Sanz’esso fora la vergogna meno. [90]
Ahi gente che dovresti esser devota,
e lasciar seder Cesare in la sella,
se bene intendi ciò che Dio ti nota, [93]
guarda come esta fiera è fatta fella
per non esser corretta da li sproni,
poi che ponesti mano a la predella. [96]
O Alberto tedesco ch’abbandoni
costei ch’è fatta indomita e selvaggia,
e dovresti inforcar li suoi arcioni, [99]
giusto giudicio da le stelle caggia
sovra ‘l tuo sangue, e sia novo e aperto,
tal che ‘l tuo successor temenza n’aggia! [102]
Ch’avete tu e ‘l tuo padre sofferto,
per cupidigia di costà distretti,
che ‘l giardin de lo ‘mperio sia diserto. [105]
Vieni a veder Montecchi e Cappelletti,
Monaldi e Filippeschi, uom sanza cura:
color già tristi, e questi con sospetti! [108]
Vien, crudel, vieni, e vedi la pressura
d’i tuoi gentili, e cura lor magagne;
e vedrai Santafior com’è oscura! [111]
Vieni a veder la tua Roma che piagne
vedova e sola, e dì e notte chiama:
«Cesare mio, perché non m’accompagne?». [114]
Vieni a veder la gente quanto s’ama!
e se nulla di noi pietà ti move,
a vergognar ti vien de la tua fama. [117]
E se licito m’è, o sommo Giove
che fosti in terra per noi crucifisso,
son li giusti occhi tuoi rivolti altrove? [120]
O è preparazion che ne l’abisso
del tuo consiglio fai per alcun bene
in tutto de l’accorger nostro scisso? [123]
Ché le città d’Italia tutte piene
son di tiranni, e un Marcel diventa
ogne villan che parteggiando viene. [126]
Fiorenza mia, ben puoi esser contenta
di questa digression che non ti tocca,
mercé del popol tuo che si argomenta. [129]
Molti han giustizia in cuore, e tardi scocca
per non venir sanza consiglio a l’arco;
ma il popol tuo l’ha in sommo de la bocca. [132]
Molti rifiutan lo comune incarco;
ma il popol tuo solicito risponde
sanza chiamare, e grida: «I’ mi sobbarco!». [135]
Or ti fa lieta, ché tu hai ben onde:
tu ricca, tu con pace, e tu con senno!
S’io dico ‘l ver, l’effetto nol nasconde. [138]
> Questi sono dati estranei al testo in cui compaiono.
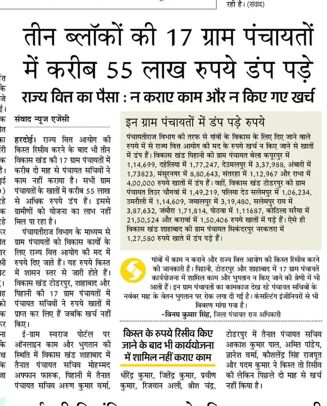 सात विकास खंडों की 34 ग्राम पंचायतों में दो माह से काम न होने और भुगतान न होने से करीब 80 लाख से अधिक रुपये ग्राम पंचायतों के खातों में डंप हैं। इससे जुड़ी खबर को अमर उजाला ने 25 नवंबर के अंक में ‘तीन विकास ब्लॉकों की 17 ग्राम पंचायतों में करीब 55 लाख रुपये डंप पड़े’ शीर्षक से प्रमुखता से प्रकाशित किया था। खबर का जिला पंचायत राज अधिकारी ने संज्ञान लिया है।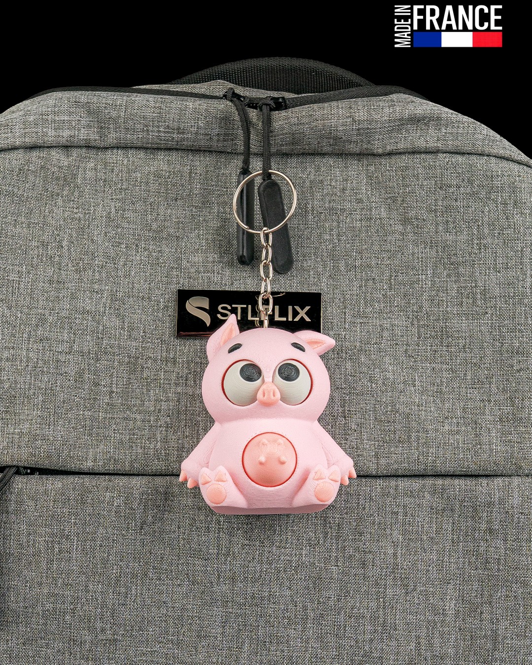 Découvrez Pork Belly, un petit compagnon aux formes généreuses et au regard irrésistible qui ne demande qu’à voyager avec vous. Avec son design tout en rondeurs et sa bouille expressive, ce petit cochon apporte une touche de douceur et d’originalité immédiate à votre quotidien, que ce soit accroché à vos clés ou posé fièrement sur votre bureau.</s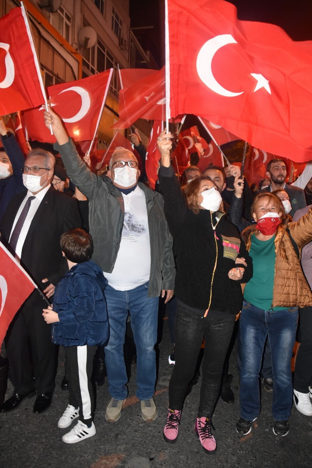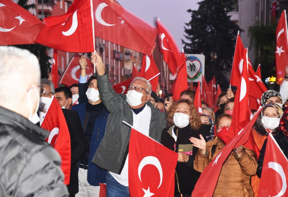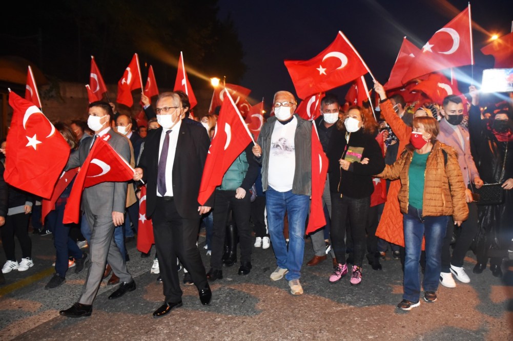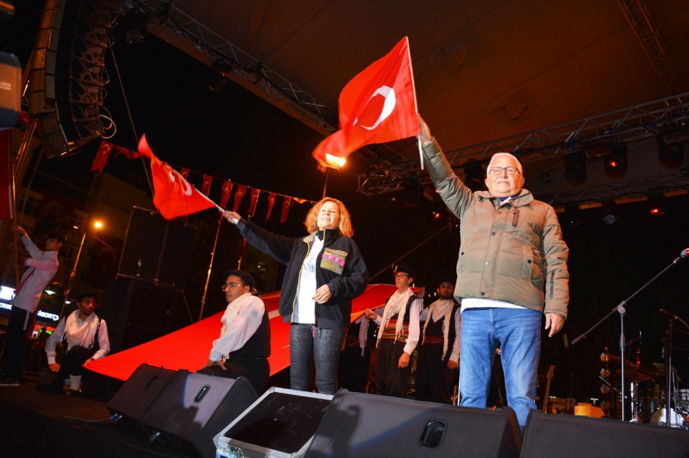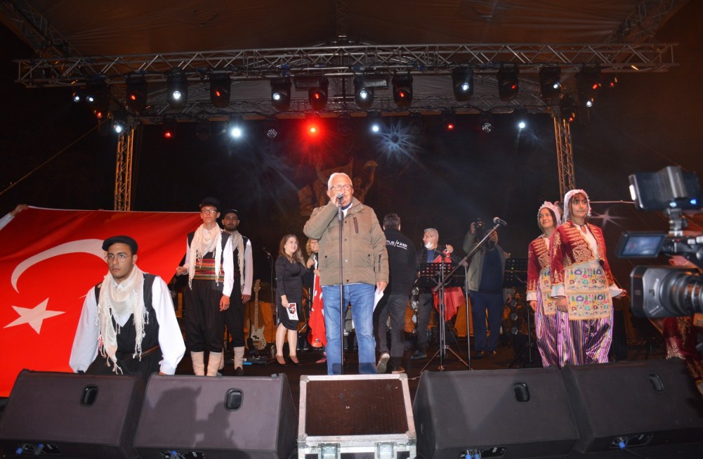 Belediye Başkanı Halil Posbıyık, Cumhuriyet yürüyüşüne katılan halka anıt önünde kurulan sahneden seslenerek “Cumhuriyet değerlerine birlikte sahip çıkacağız” dedi.
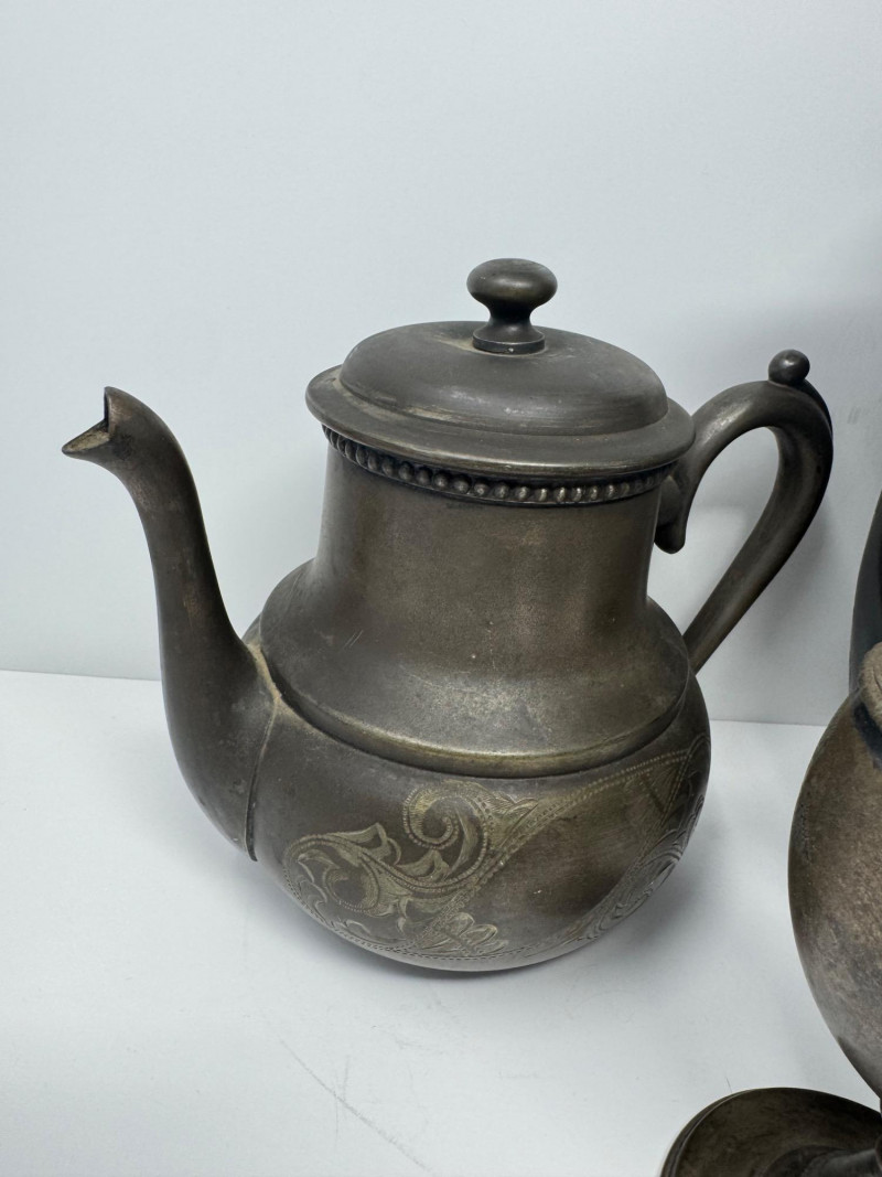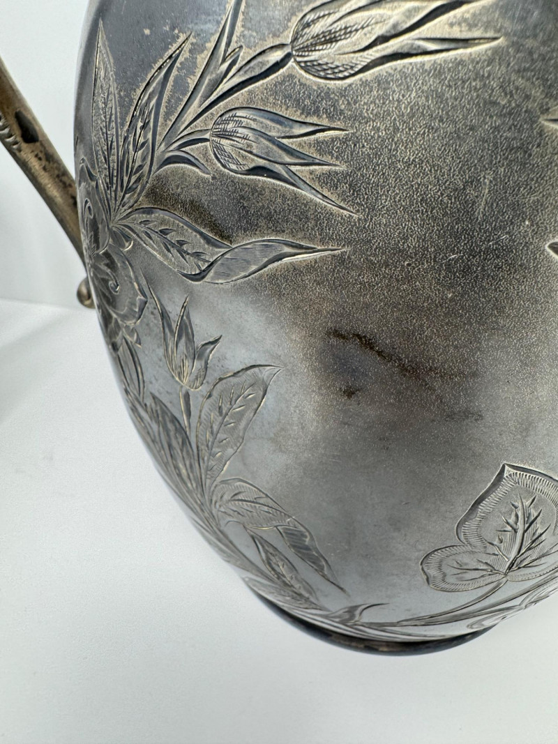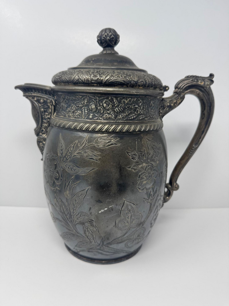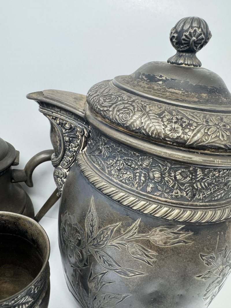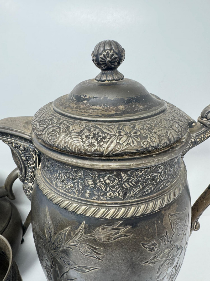 Antique Rogers & Bro Triple Plate Pitcher, Teapot & Goblet Lot. Large water pitcher with floral engraving, 12” tall, shows heavy denting.

Atene e Lacedemona, che fenno
l’antiche leggi e furon sì civili,
fecero al viver bene un picciol cenno [141]
verso di te, che fai tanto sottili
provedimenti, ch’a mezzo novembre
non giugne quel che tu d’ottobre fili. [144]
Quante volte, del tempo che rimembre,
legge, moneta, officio e costume
hai tu mutato e rinovate membre! [147]
E se ben ti ricordi e vedi lume,
vedrai te somigliante a quella inferma
che non può trovar posa in su le piume, [150]
ma con dar volta suo dolore scherma.